▶ **WORK TO COMPLETE**
All lines below starting at the one that holds "图8 2026年1月阿根廷平均气温距平" and ending at the one that holds "- Realistic Snow" should be printed exactly, ends included. Pictures should not be printed, nor anything else.

▶ **INPUT MATERIAL**
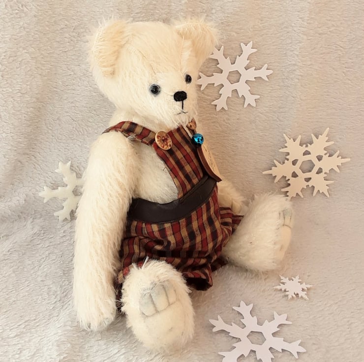 The inspiration for my bears often comes from the mohair I have chosen. Each bear is individual and once their faces have been brought to life this often helps me decide on a theme for the bear, should he be dressed or have accessories or his he perfect on his own. My dungarees are relatively new to Bearlescent and I just can't resist a bear in dungarees.
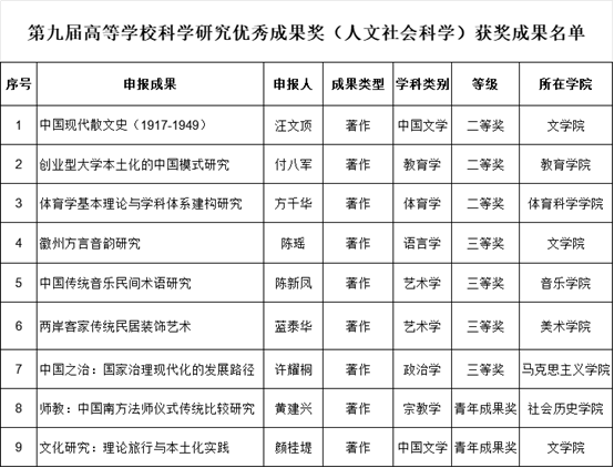 近日,第九届高等学校科学研究优秀成果奖(人文社会科学)评选结果正式公布,彩神xl(中国)有限公司共有9项成果获奖,其中二等奖3项、三等奖4项、青年成果奖2项,涵盖中国文学、教育学、体育学、语言学、艺术学、政治学、宗教学等学科类别。
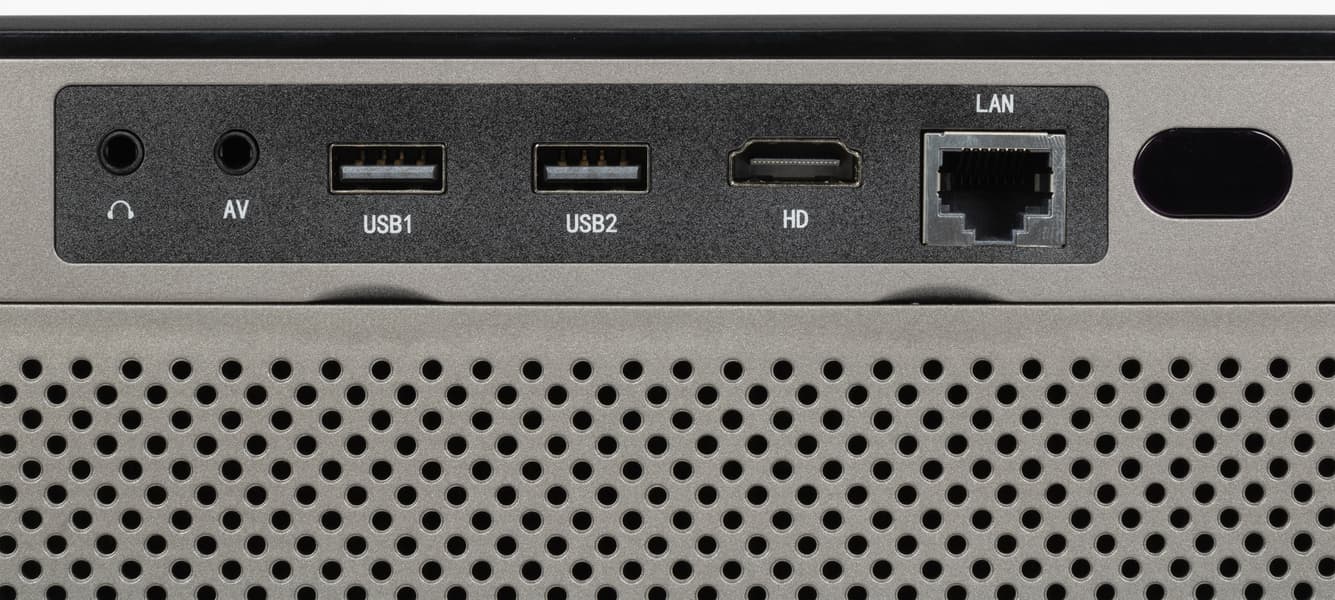 Таблица с характеристиками в начале статьи дает представление о коммуникационных возможностях проектора. Разъемы размещены достаточно свободно. Звук на внешнее устройство можно передавать по Bluetooth. Для проверки мы успешно подключились к нашей тестовой беспроводной колонке Sven PS-200BL.
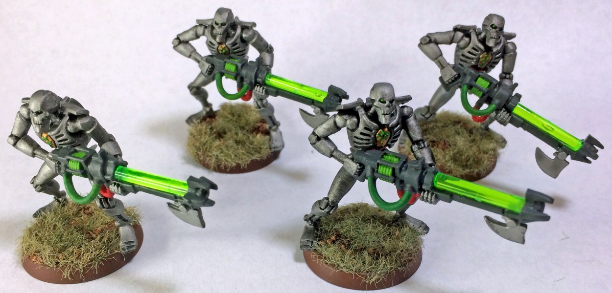 The second Necron unit to join the forces designed for my “Pyramids of Stigmata” convention game consists of six Canoptek Wraiths. There are painted using the same paint scheme as my Necron warriors (Painting: Necron Warriors), with a base color of Leadbelcher, followed by a wash of Nuln […]
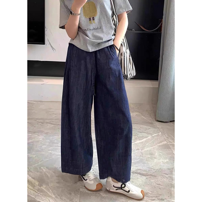 Celana Jeans Warna Biru Tua Retro Ukuran Besar Celana Panjang Kaki Lebar Lurus Terlihat Ramping Pinggang Tinggi Longgar Gadis Gemuk Model Tipis Musim Panas Wanita
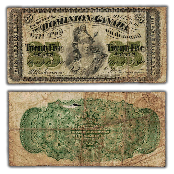 25 Cents 1870 Dominion of Canada Shinplaster Note Plain DC-1c - Fine (hole)
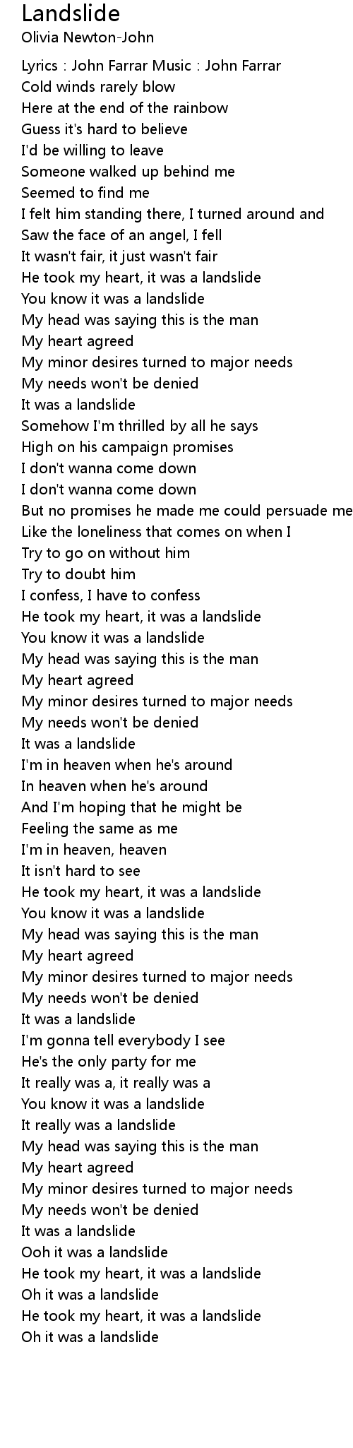 | He took my heart, it was a landslide | |
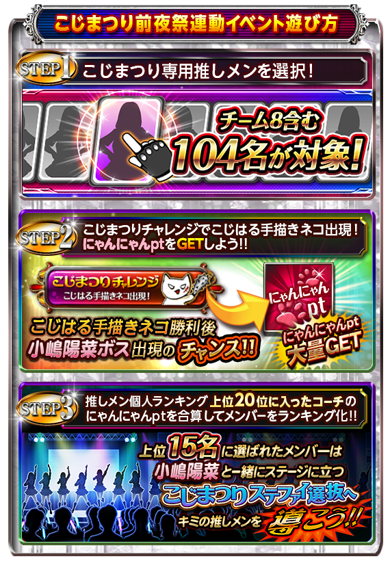 内容:「こじまつり~前夜祭~」にて、小嶋陽菜と一緒に歌う15名のメンバー「こじまつりステファイ選抜」をゲーム内で選抜するイベントとなります。
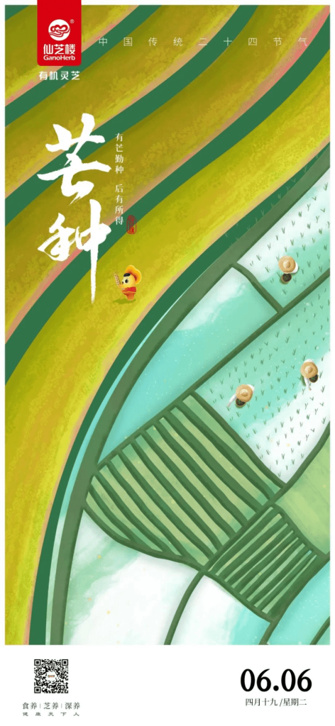 Grain in Ear is the ninth of the 24 solar terms and the third solar term of summer, indicating the beginning of midsummer. Grain in Ear, pronounced “Mang Zhong” in Chinese, literally means “awned wheat should be harvested quickly, awned rice can be planted”. “Mang” is homophonic to the word “busy” in Chinese, indicating that all crops are “busy planting”.
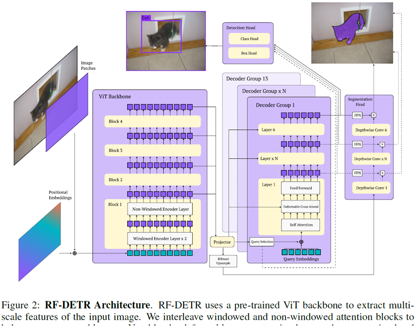 1. RF-DETR采用预训练的ViT骨干网络来提取输入图像的多尺度特征。
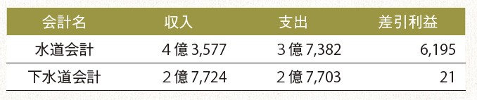 《水道事業会計》大瀬中央鵜川地区で水道未普及地域解消工事を、五十崎・平岡地区で配水管耐震化工事を、小田地域で旧簡易水道施設統合工事を実施しました。安全な水を提供するため、計画的に整備を進めます。
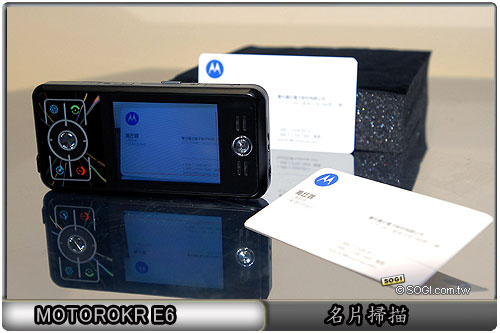 內建名片拍立存功能,可輕鬆輸入和分享電話簿資訊,與商務夥伴隨時保持最佳聯繫,輕鬆掌握人脈關係。MOTOROKR E6 更新增了 QR-code 二維條碼功能,讓消費者輕鬆透過 MOTOROKR E6 行動條碼讀取器,拍照辨識條碼內容資訊,可直接連結行動上網、撥電話、寫簡訊、編輯通訊錄。
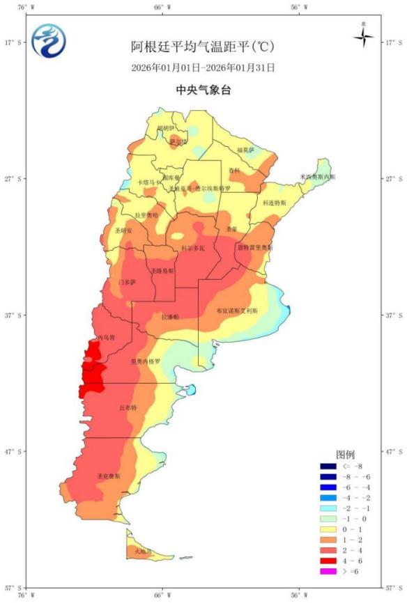 图8 2026年1月阿根廷平均气温距平
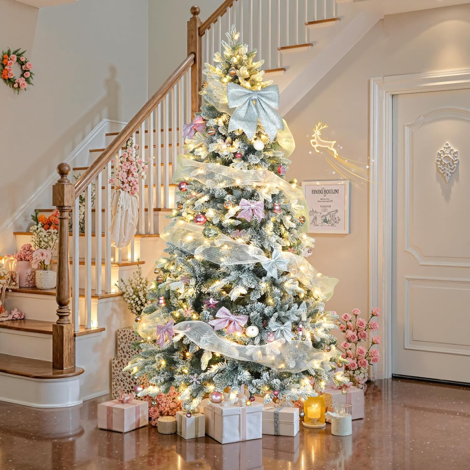 - Realistic Snow Flocked Christmas Tree: The Christmas tree features lush green branches covered in white flocking, creating a stunning snowy white and green appearance that adds a magical winter atmosphere to your holiday decor. Lifelike PVC needles and a natural layered branch design, this tree offers an authentic evergreen appearance without the maintenance.
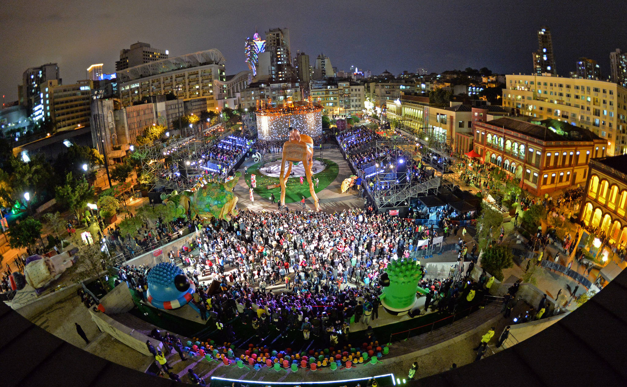 The performing groups began at the Ruins of St. Paul's and proceeded to Rua de S. Paulo, Travessa da Paixão, Largo de Santo António, Rua de D. Belchior Carneiro, Rua dos Artilheiros, Rua de Sanches de Miranda, Calçada da Igreja de S. Lázaro, Santa Casa da Misericórdia Albergue, Rua de São Roque, Rua Nova de São Lázaro, St. Lazarus Square, Rua do Volong, Rua do Tap Siac, Rua de Afonso de Albuquerque, and arrived at its final destination, Tap Seac Square, at 5:30pm to have the “Handover Celebration”. This year, the organizer set up two seating areas at Tap Seac Square so that the public could watch the performances clearly and comfortably. In the “Handover Celebration”, each performing group presented the performance one by one. French troupe Herbert’s Dream presents uncommon marvellous show on stilts whereby five enormous and four-metre high stilt artists participate in a mysterious ceremony held under hypnotising music, mutating into human light bulbs and creating a magical atmosphere. Besides, the audience were even more excited when it came with the colourful light show effect. The French group Plasticiens Volants brought giant balloon performance themed as kid’s dream. The story was originated from the classic American comic strip Little Nemo in Slumberland, with giant balloons built up the dream scene. This dream scene was brought to the sky over Tap Seac Square.
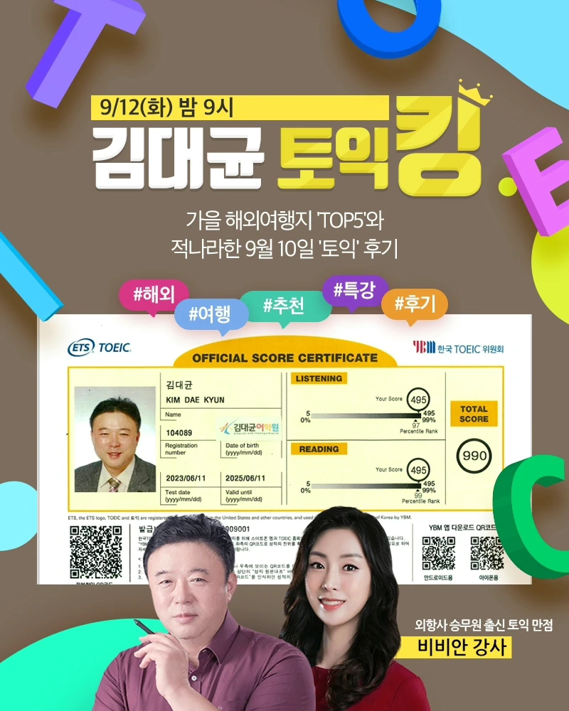 김대균토익킹 본업은 김대균어학원 토익강의 토익최다만점 기록 진행
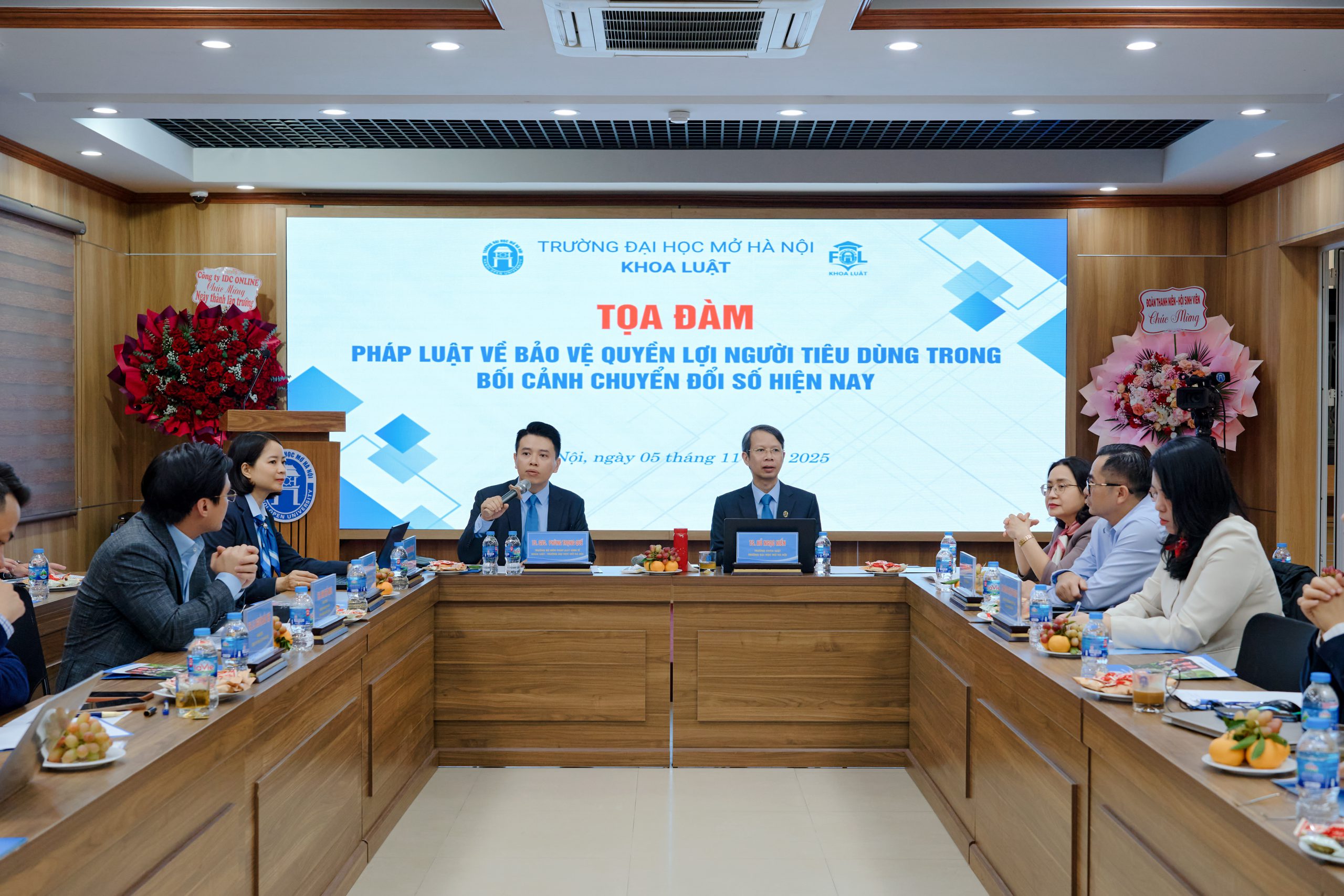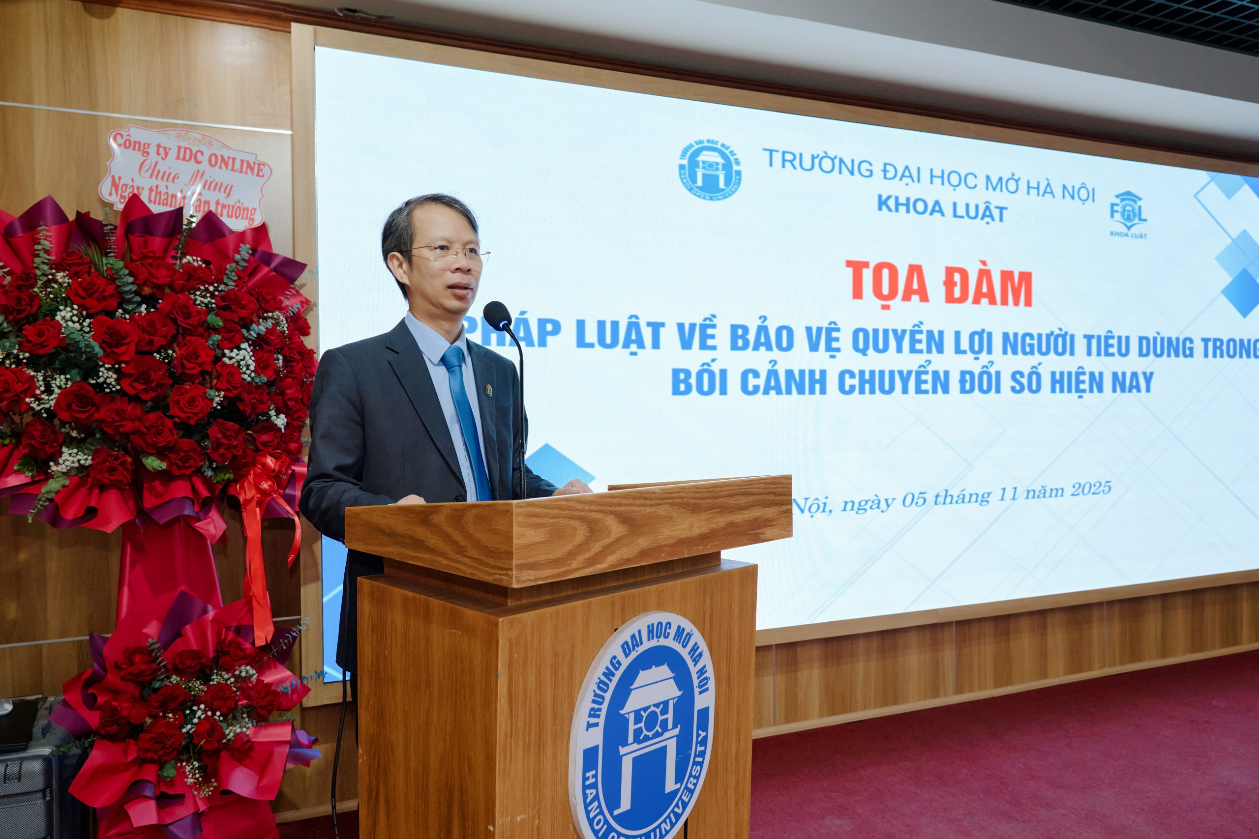 Trong bối cảnh nền kinh tế số phát triển mạnh mẽ, thương mại điện tử bùng nổ và các mô hình kinh doanh trực tuyến không ngừng được đổi mới, yêu cầu đặt ra đối với việc bảo vệ quyền lợi người tiêu dùng ngày càng trở nên cấp thiết. Nhằm trao đổi, phân tích và đề xuất các giải pháp nhằm hoàn thiện pháp luật, đồng thời nâng cao nhận thức và trách nhiệm của các chủ thể trong nền kinh tế số, ngày 05/11/2025, Khoa Luật, Trường Đại học Mở Hà Nội đã long trọng tổ chức Tọa đàm khoa học với chủ đề “Pháp luật bảo vệ quyền lợi người tiêu dùng trong bối cảnh chuyển đổi số hiện nay”. Chương trình thu hút sự tham dự của 100 đại biểu gồm lãnh đạo khoa, các đơn vị trực thuộc, giảng viên cùng nhiều chuyên gia đến từ các cơ quan quản lý nhà nước, viện nghiên cứu, trường đại học và đại diện doanh nghiệp.

▶ **EXERCISE ANSWER**
 图8 2026年1月阿根廷平均气温距平
 - Realistic Snow Flocked Christmas Tree: The Christmas tree features lush green branches covered in white flocking, creating a stunning snowy white and green appearance that adds a magical winter atmosphere to your holiday decor. Lifelike PVC needles and a natural layered branch design, this tree offers an authentic evergreen appearance without the maintenance.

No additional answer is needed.